Die neuen Vorschläge von Ministerpräsident Ahmet Davutoglu brachte die gesamte Gipfelplanung durcheinander - das eintägige Treffen wurde bis in den Abend hinein verlängert. Davutoglu sagte, das Ziel des neuen Vorschlags sei, «Leben von Flüchtlingen zu retten und diejenigen zu entmutigen, die die verzweifelte Lage der Flüchtlingen missbrauchen und ausnutzen wollen».

Drei Milliarden Euro

Im Gegenzug könnte die EU künftig alle illegal einreisenden Migranten wieder in die Türkei zurückschicken - also nicht nur Wirtschaftsflüchtlinge, sondern auch Syrer. Flüchtlingen soll so der Anreiz genommen werden, sich Schlepperbanden anzuvertrauen. Damit die Türkei mit der Last nicht alleine bleibt, will sie aber für jeden zurückgebrachten Migranten einen auf legalem Weg in die EU schicken. Diplomaten sprachen von der «Eins-zu-Eins»-Formel.

Über den Vorschlag Davutoglus berichteten am Rande des Gipfels EU-Parlamentschef Martin Schulz und Diplomaten. Das Europaparlament, sei bereit, einer Auszahlung weiterer Gelder zuzustimmen, sagte Schulz. «Drei Milliarden sind in der Debatte.»

Streit um Pressefreiheit

Bei den Visaerleichterungen war ein Inkrafttreten im Juni im Gespräch. Sie sollten eigentlich frühestens im Oktober kommen. Die EU hatte der Türkei bereits im vergangenen November drei Milliarden Euro zur besseren Versorgung syrischer Flüchtlinge im Land zugesagt. Nach Schätzungen der Vereinten Nationen leben heute 2,7 Millionen syrische Flüchtlinge in der Türkei - und es werden monatlich mehr.

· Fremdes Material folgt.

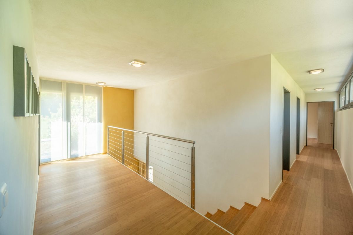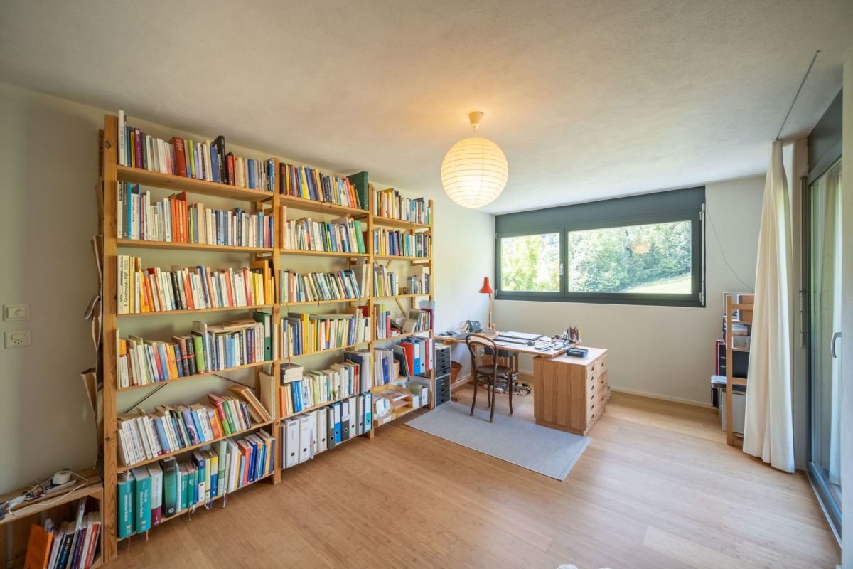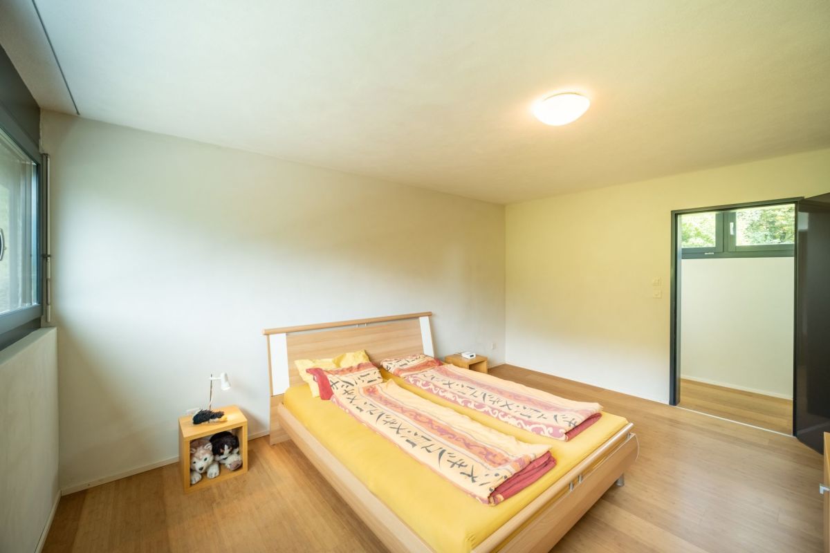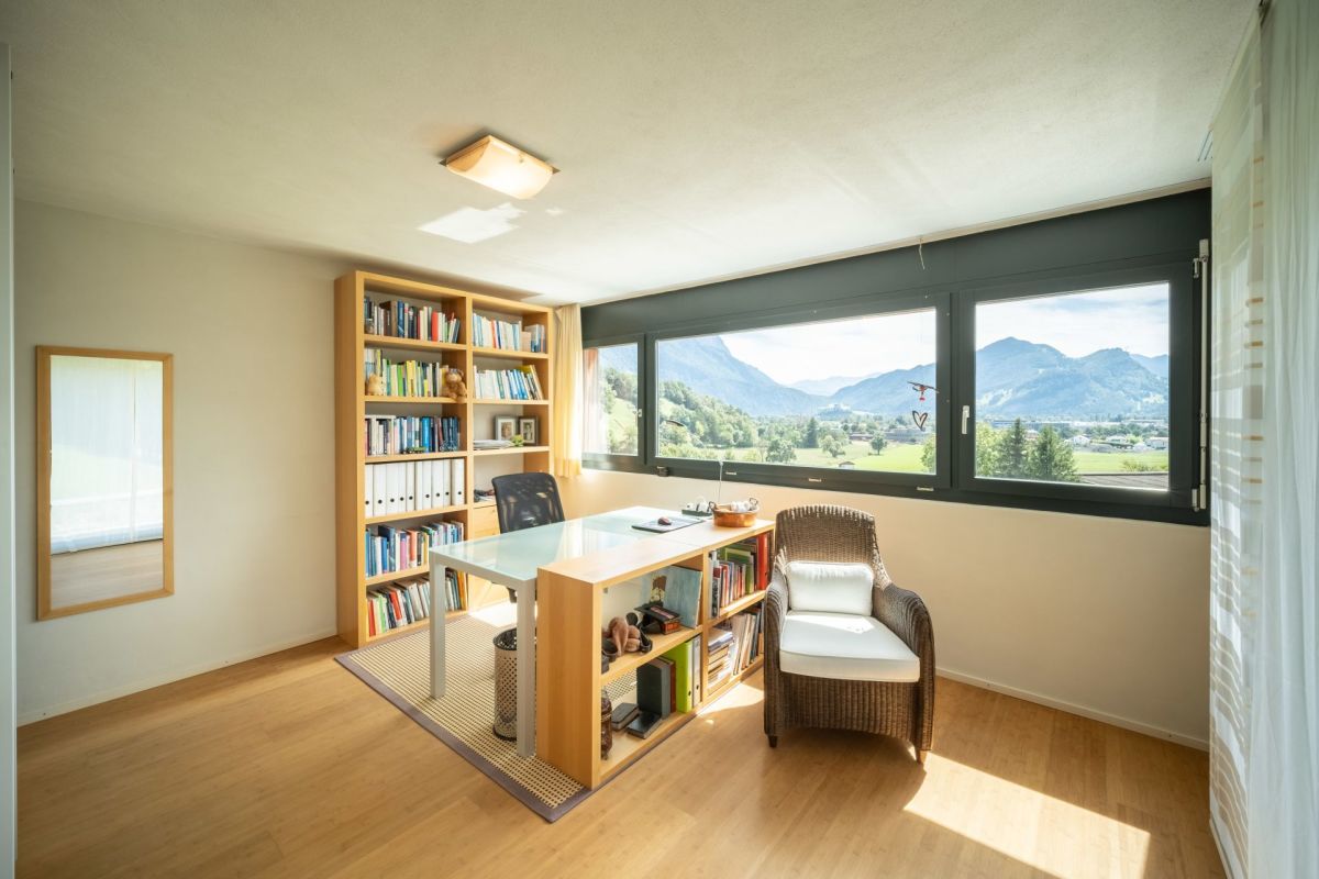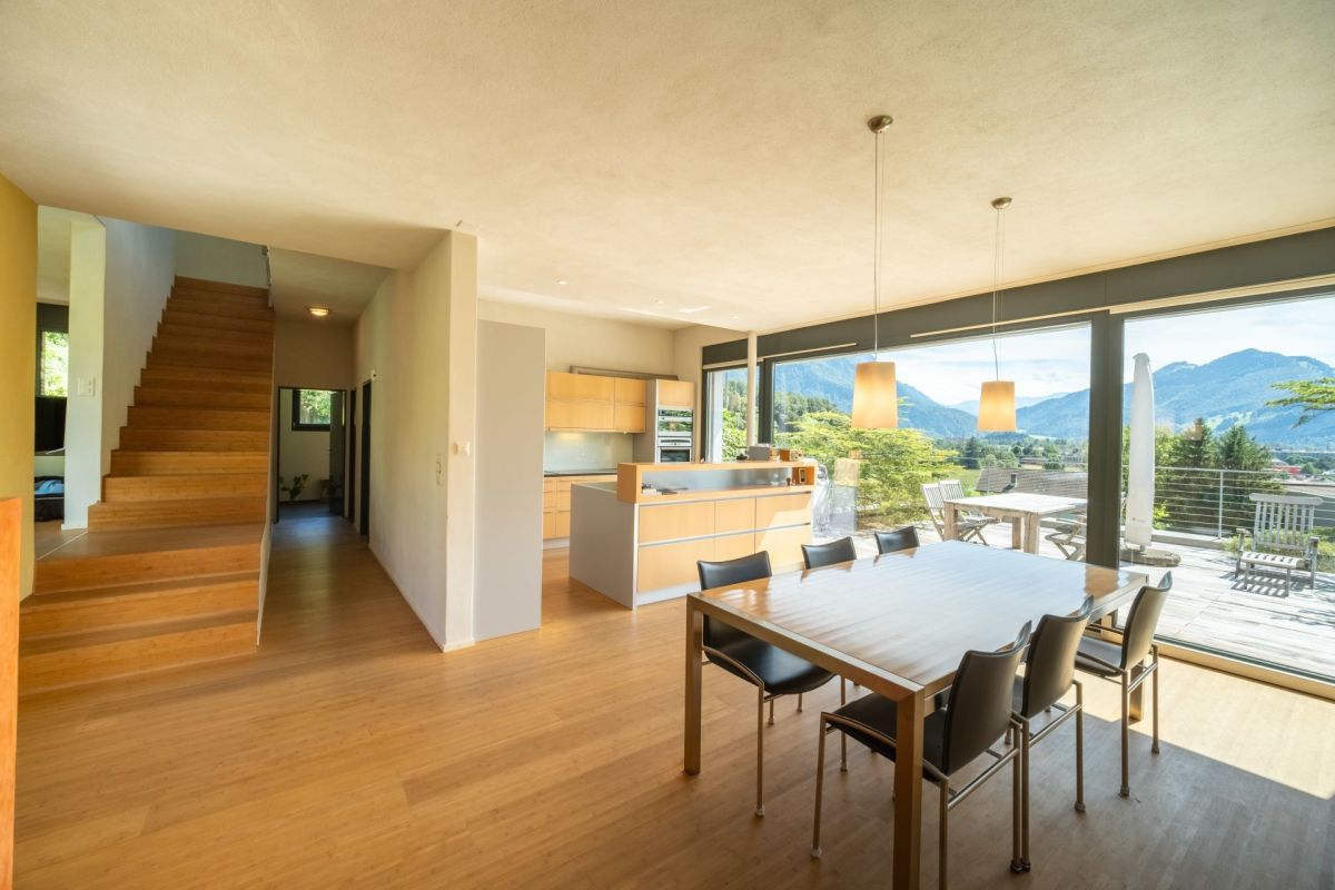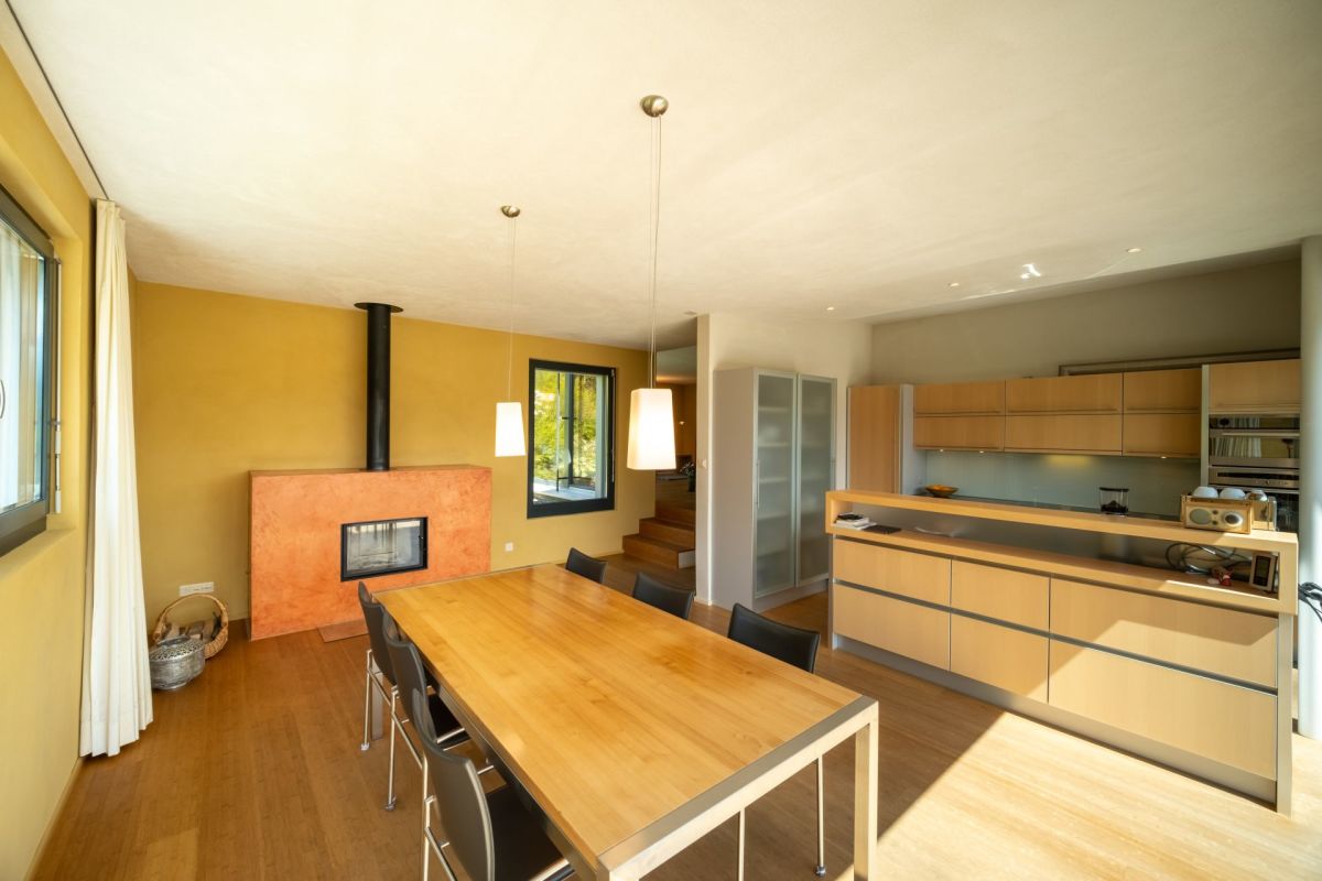 Im Erdgeschoss befindet sich der Koch- und Essbereich, von welchem Sie eine freie Sicht in die Umgebung geniessen. Die Aussichtsterrasse vor dem Essbereich verspricht viel Sonne und ein traumhaftes Panorama sowie erholsame und genüssliche Momente. Drei Stufen erhöht führt ein Durchgang in den grosszügigen, leicht zurückgezogenen Wohnbereich. Der gekieste Innenhof vor dem Wohnzimmer bildet einen geschützten, zum Teil schattigen Rückzugsort im Sommer. Ein Büro, ein Gäste-WC sowie das Entrée runden das Raumangebot im Erdgeschoss ab. Über eine Treppe gelangen Sie ins Obergeschoss, wo drei Schlafzimmer sowie zwei Nasszellen untergebracht sind.

Belastet wurden die Verhandlungen zur Flüchtlingsfrage durch das Vorgehen der türkischen Justiz gegen die größte Oppositionszeitung Zaman. Sowohl türkische Oppositionspolitiker als auch Staats- und Regierungschefs warnten vor einem Verrat europäischer Prinzipien. «Es kann (...) nicht sein, dass wegen der Flüchtlingsfrage andere Werte, die für Europa wichtig sind, wie Pressefreiheit, einfach über Bord geworfen werden», sagte Luxemburgs Premier Xavier Bettel.